Shaw Stadium
- Interactive map of Shaw Stadium
- Address: 14305 Shaw Ave. East Cleveland, Ohio 44112
- Coordinates: 41°32′27″N 81°35′00″W﻿ / ﻿41.5409°N 81.5832°W
- Owner: East Cleveland City Schools

Construction
- Opened: 1923

Tenants
- Cleveland Rams (NFL) 1938 Case Tech Rough Riders (NCAA) 1939–1952 Western Reserve Red Cats (NCAA) 1942, 1946, 1950 Shaw Cardinals (OHSAA) 1923–present

= Shaw Stadium =

Sports venue in Cleveland, Ohio, United States

Shaw Stadium is a stadium in East Cleveland, Ohio, United States, mainly used for high school football. The stadium was built in 1923 and is home to the Shaw High School Cardinals football team and marching band.

In 1938, the Cleveland Rams of the National Football League (NFL) played three of their four home games at Shaw, winning two and losing one. The Rams earned their first home NFL victory in franchise history with a defeat of the Detroit Lions, followed by a win over the Chicago Bears.
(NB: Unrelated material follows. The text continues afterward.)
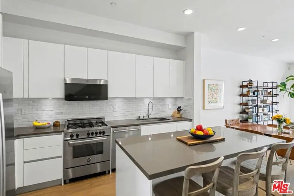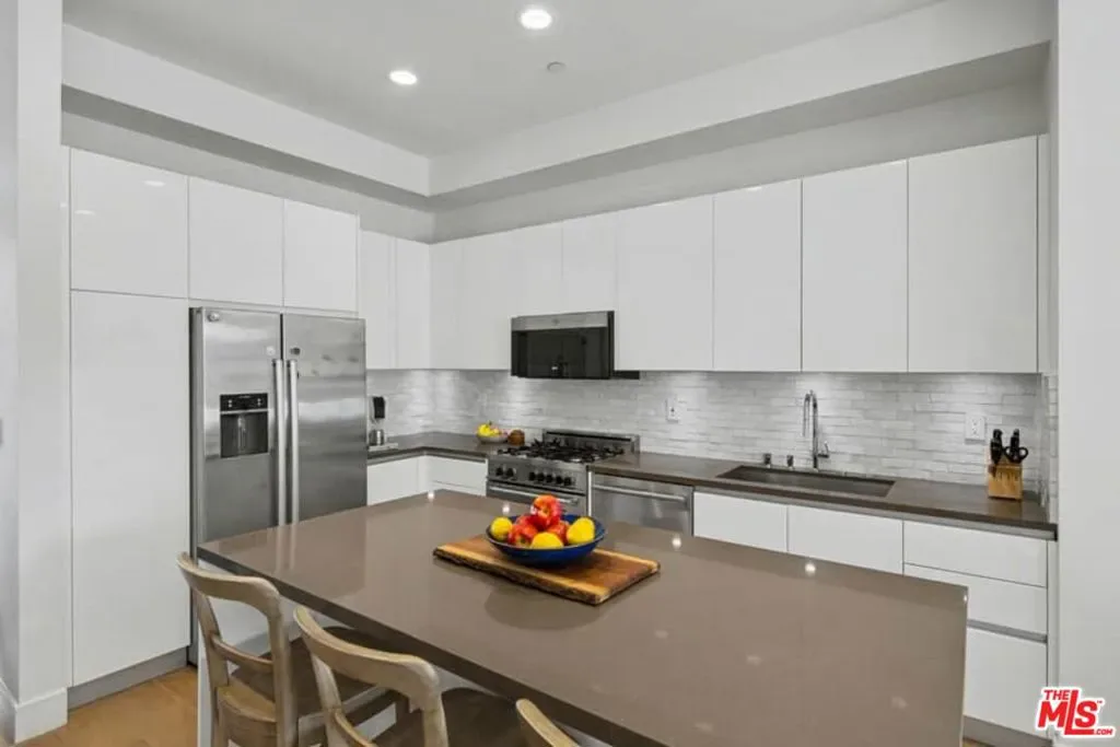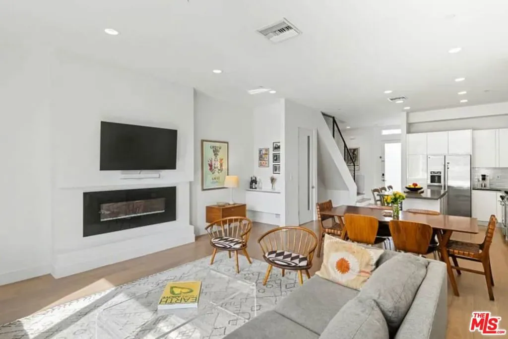 Rare Find in Mar Vista | National Modern Living Discover this exceptional opportunity in the highly sought-after National Modern Living community – a private collection of just 18 light-filled and forward-thinking townhomes. Located in the heart of Mar Vista, the home offers outstanding walkability to groceries, shopping, top-rated restaurants, and coffee shops. Positioned in the rear of the building, the residence provides added privacy, tranquility and peaceful living. Inside, enjoy two spacious bedrooms, each with its own en-suite bath, plus a generous family room featuring a fireplace and dramatic high ceilings. The gourmet, high-end kitchen opens seamlessly to the living and dining areas, creating an effortless flow perfect for entertaining and everyday living. Step outside onto your private patio, ideal for enjoying Southern California year-round. Smart home features include multi-zoned Nest thermostats, a Yale smart lock for keyless entry, and Google doorbell for enhanced security and convenience. Residents enjoy premium building amenities, including secure underground gated parking with two assigned spaces complete with personal EV charging, a clean and well-lit lobby entrance from the garage, a fully equipped fitness center, and large secure personal storage for each unit. Proudly located in the acclaimed Mar Vista Elementary School District, this modern gem delivers the perfect blend of luxury, convenience, and community.

Both Case Institute of Technology and Western Reserve University, which later merged to create Case Western Reserve University, used Shaw Stadium at various times for their home football field. The Case Tech Rough Riders used Shaw for home football games from 1939 to 1952. Case had previously played at Shaw in the 1920s for games against rival Western Reserve, who were known as the Pioneers at the time, playing there in 1923, 1925, and 1926. Western Reserve University, later known as the Western Reserve Red Cats, held occasional games at Shaw, but used it as their home field for the 1942, 1946, and 1950 seasons.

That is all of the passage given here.